Memories of Carlo Luigi Mogano and Childhood
My grandfather, Carlo Luigi Mogano, born in 1880, was the illegitimate child of the Count of Petenengo and a kitchen maid. At 21 he was given a dowry and told to make his own way. The fact that he was given 2 Christian names was unusual and indicated he came from a good family. He made his way to London got married and moved to the Isle of Wight, where he was the Head Waiter of the Grand Hotel.
In WW1 he was called up for National Service in Italy, but he was declined as he was too small. He joined the British Army and was accepted, but I don't know anything other than he was in the Army in 1914. They had 4 children.
At the start of WWII, he was considered an alien and wasn't allowed to live near the coast, so he moved to Coventry where my father was living. After the war, he went back to the Isle of Wight.
I was born in 1939 and was living in Coventry when it was blitzed in 1941, which I remember. We lived about half a mile from the GEC factory in Bromley Drive, Stoke, Coventry. We heard the planes coming over and we took shelter under a metal table. After the raid was over my parents went upstairs and found a paving slab in the middle of their bed, it had come through the roof.

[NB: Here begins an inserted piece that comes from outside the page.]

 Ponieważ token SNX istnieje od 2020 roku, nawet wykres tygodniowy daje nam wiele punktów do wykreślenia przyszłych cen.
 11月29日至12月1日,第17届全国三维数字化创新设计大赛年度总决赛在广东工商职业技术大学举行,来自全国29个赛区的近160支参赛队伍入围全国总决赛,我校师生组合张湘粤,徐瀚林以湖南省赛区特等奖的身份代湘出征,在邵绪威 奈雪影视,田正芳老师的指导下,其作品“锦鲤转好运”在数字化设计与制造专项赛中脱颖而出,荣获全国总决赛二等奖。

This was the third house we had been bombed out of - Cheverel Avenue in Radford. Father was a foreman on the assembly line making the Ferret armoured car. Then we moved to Earlsdon, but I can't remember the street name other than that I just remember playing in bomb craters, etc
Coventry was a mess - the bombers were aiming for GEC and Daimler, where Dad worked.

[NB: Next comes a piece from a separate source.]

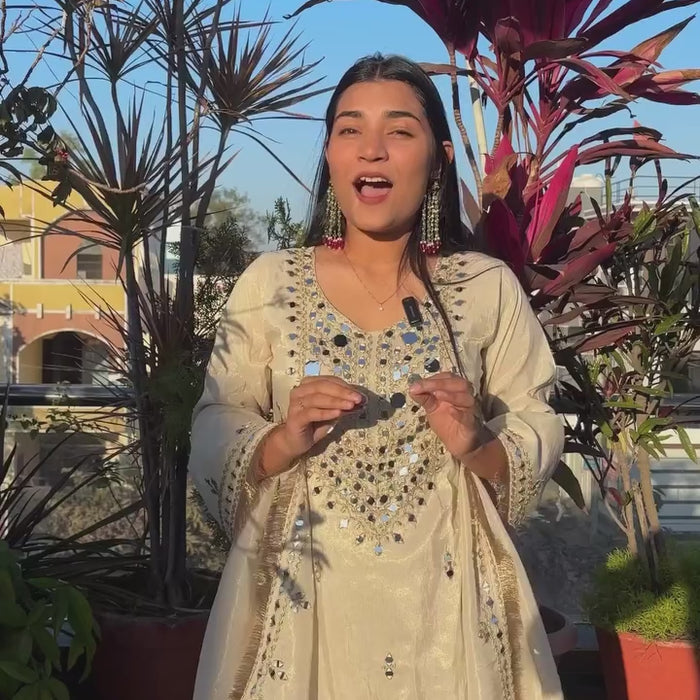 The spotlight with our Sitara Sparkle Real Mirror Designer Plazzo Set, a breathtaking ensemble crafted for grand celebrations, wedding soirées, festive gatherings, and special occasions. Designed for women who love to shine with grace, this outfit beautifully blends traditional craftsmanship with modern elegance.

I remember the food office in Coventry and getting bottles of orange juice. I was never hungry - bread and milk used to come around on a horse and cart, Savage's bread and Co-op milk. I went to a Kenilworth school that was run by nuns, I used to get the bus to Pool Meadow and get another bus from there. I don't remember Mother working outside the home; I had a brother 2 years older than me. Father did his apprenticeship in Ventnor and used to drive up to Coventry for work and liked Coventry, so moved there; at one time there were 200 car factories.
I remember the street parties at the end of the war - a melee of kids screaming, flags flying, tables everywhere. I don't ever remember seeing soldiers, but a couple of female relatives who used to visit from the Isle of Wight who were in the Navy.